The aforementioned Catholic school of my teenage past was a vacuum for identity. Blazers were mandatory. Ties had to restrict breathing, otherwise it was a dress code violation (and punishable by death). There was no nail polish, no hair dye, and absolutely no means of self-expression that could offend the Vatican, or worse, ‘present the school in a bad light’. Naturally, the only creative outlet left was coordinating the colour of my braces to the upcoming holiday season. Red for Valentine’s Day; Green for St. Patrick’s Day....

This continued until one fateful Christmas Eve. Reclined all the way back in the orthodontist chair, the blood rushed to my head like a champagne nightcap, and under a woozy spell of seasonal festivity, I selected an alternating pattern of red and green bands. 

Red, green, red, green, red. 

Little did I foresee that I would be grinning ear-to-ear like a Christmas tree in my school picture come January. At my mother’s insistence, this relic of seasons past takes pride of place on the living room mantle. Deep down, I think she sees it as a token of her love and success as a parent. Sometimes love can be suffocating though, like a tight retainer. 

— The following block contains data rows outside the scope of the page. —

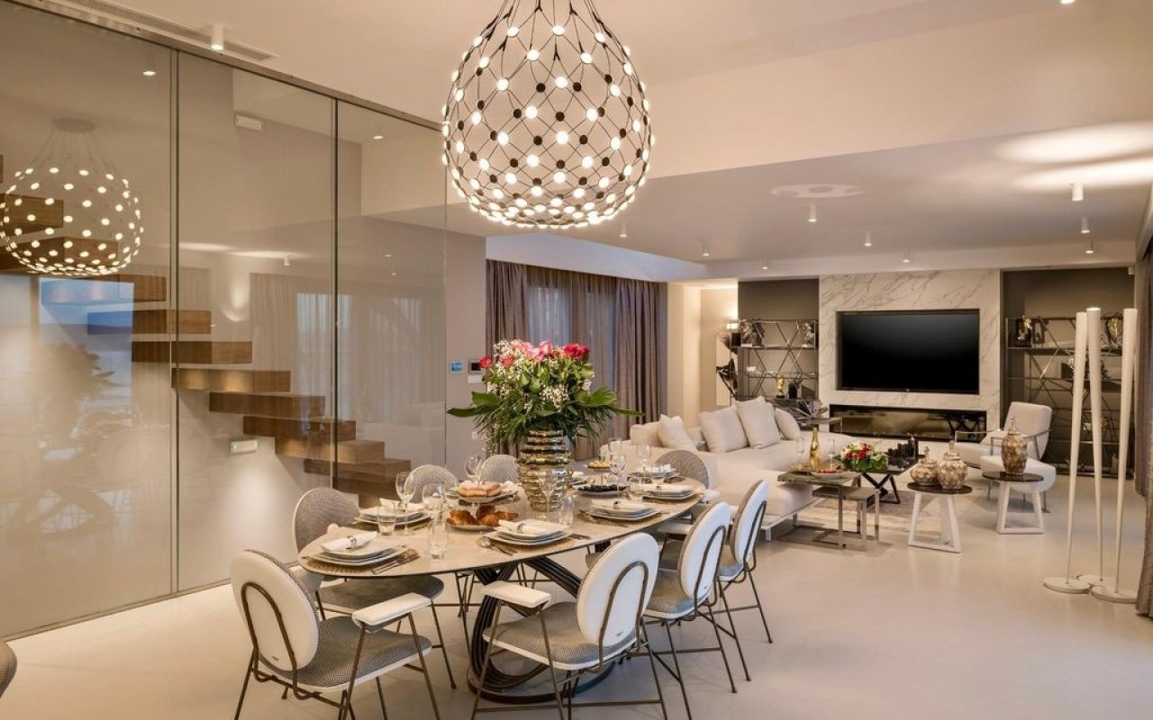 Эта Вилла - само воплощение роскоши и комфорта на берегу моря. Современный дизайн виллы идеально сочетается с панорамными видами на залив Суда. Просторная гостиная, столовая и кухня с открытой планировкой, оформленные в нейтральных тонах, создают атмосферу спокойствия и элегантности. Роскошная спальня на первом этаже и основной люкс со стильной гардеробной на втором этаже обеспечат вам максимальный комфорт. Приватный бассейн с видом на море станет вашим личным оазисом. На нижнем уровне виллы расположен современный фитнес-центр, винный погреб и другие удобства, которые сделают вашу жизнь еще более приятной.
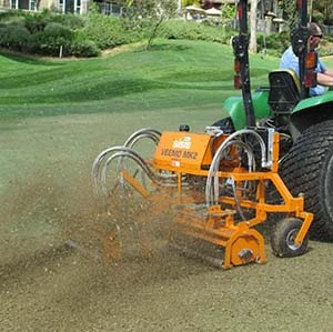 The SISIS Rotorake TM1000 is a tractor mounted unit which is now available with five quick release interchangeable reels to aid the removal and control of thatch and help reduce standing surface water by improving water infiltration.
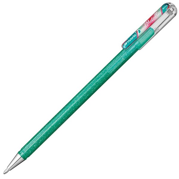 PENTEL K110 HYBRID DUAL METALLIC GEL INK PEN 1.0MM TURQUOISE GREEN / METALLIC RED AND GREEN BOX 12
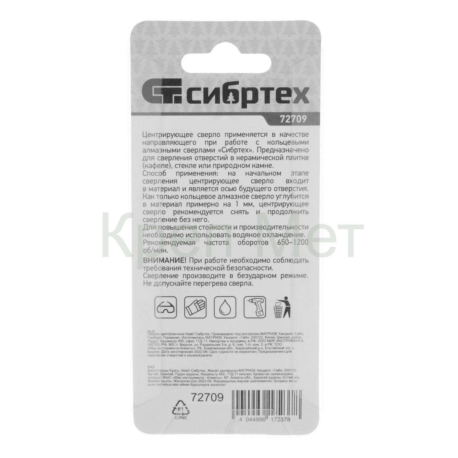 Центровочное сверло Сибртех 72709 диаметром 6 мм предназначено для использования с алмазными коронками Сибртех 72716-72738. Устанавливается в патрон дрели или шуруповерта. Применяется для сверления стекла и керамической плитки на скорости 350-700 об/мин. Сверло быстро заглубляется в материал и удерживает коронку на оси сверления. В целях предотвращения перегрева инструмента и его преждевременного выхода из строя рекомендовано применение водяного охлаждения. Чтобы продлить срок полезного использования сверла, его следует снять после заглубления коронки на 1-2 мм и продолжить работу без него.
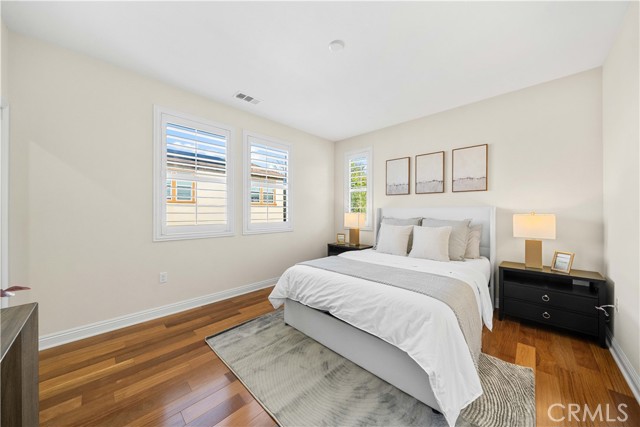Situated on a desirable corner lot in the heart of Irvine’s Pavilion Park, 117 Laceflower offers a thoughtfully designed floor plan that prioritizes both privacy and accessibility. A formal entry creates an inviting first impression, leading into an open-concept living area that serves as the heart of the home. This residence is uniquely suited for multi-generational living or a long-term "forever home" setup, featuring a rare downstairs layout with two full bedrooms and two bathrooms on the main level, including the spacious primary suite.
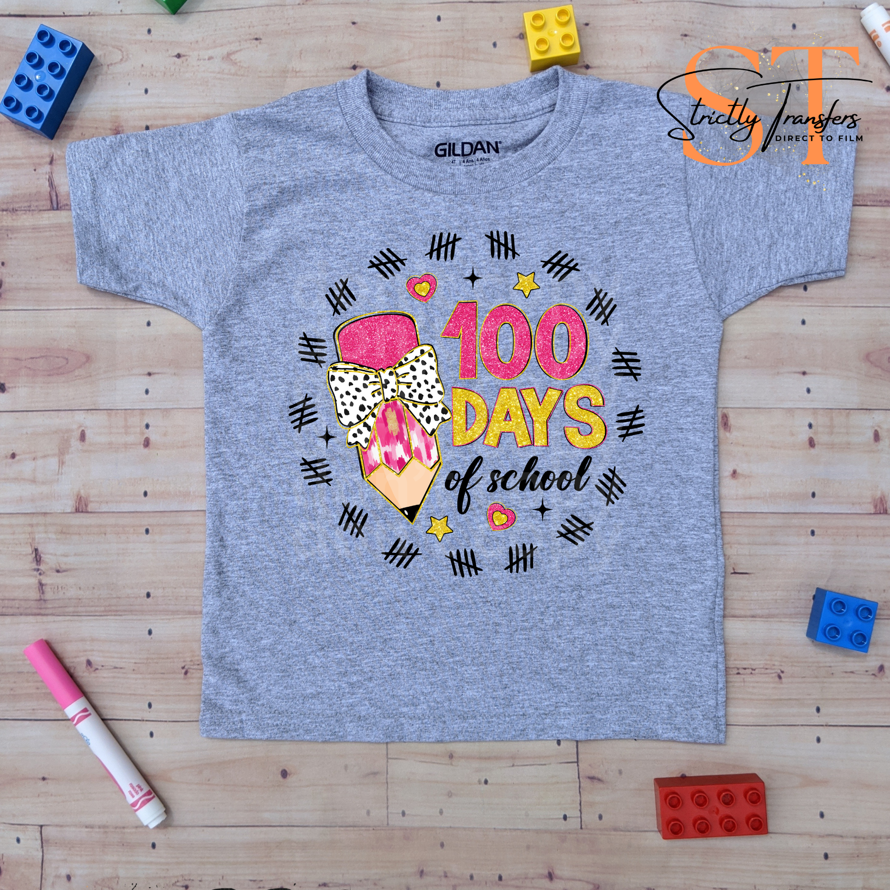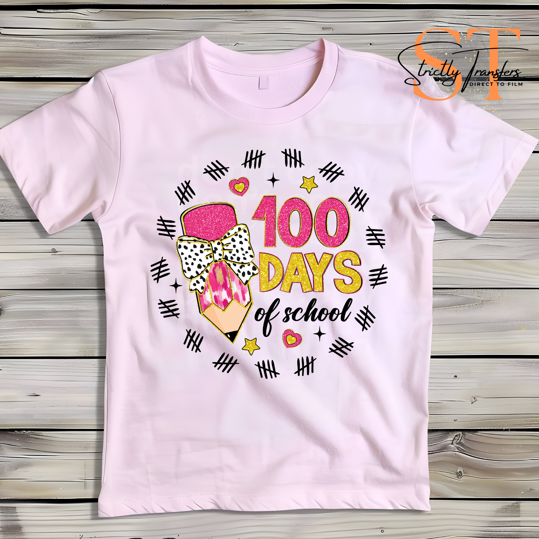 100 Days of School Pencil Tally Direct to Film Transfers

Wearing my retainer is how I learned to articulate love. As I'm nodding off to sleep, my mum's voice intrudes into my dreams. "Your teeth will move back" she tuts, as my hands clutches instinctively for the iridescent case on the nightstand of my teenage room. Eventually my adult surroundings blur into focus, and I blindly traipse the length of my New York apartment for the stowaway in the bathroom cabinet. 

For a second I catch my reflection in the mirror; crusted dobs of Clearasil freckled across my face. Shutting the light off for the second time — retainer snug against my teeth — I’m flooded with teenage discomfort, and the realisation that we never really leave behind the pain of growing up.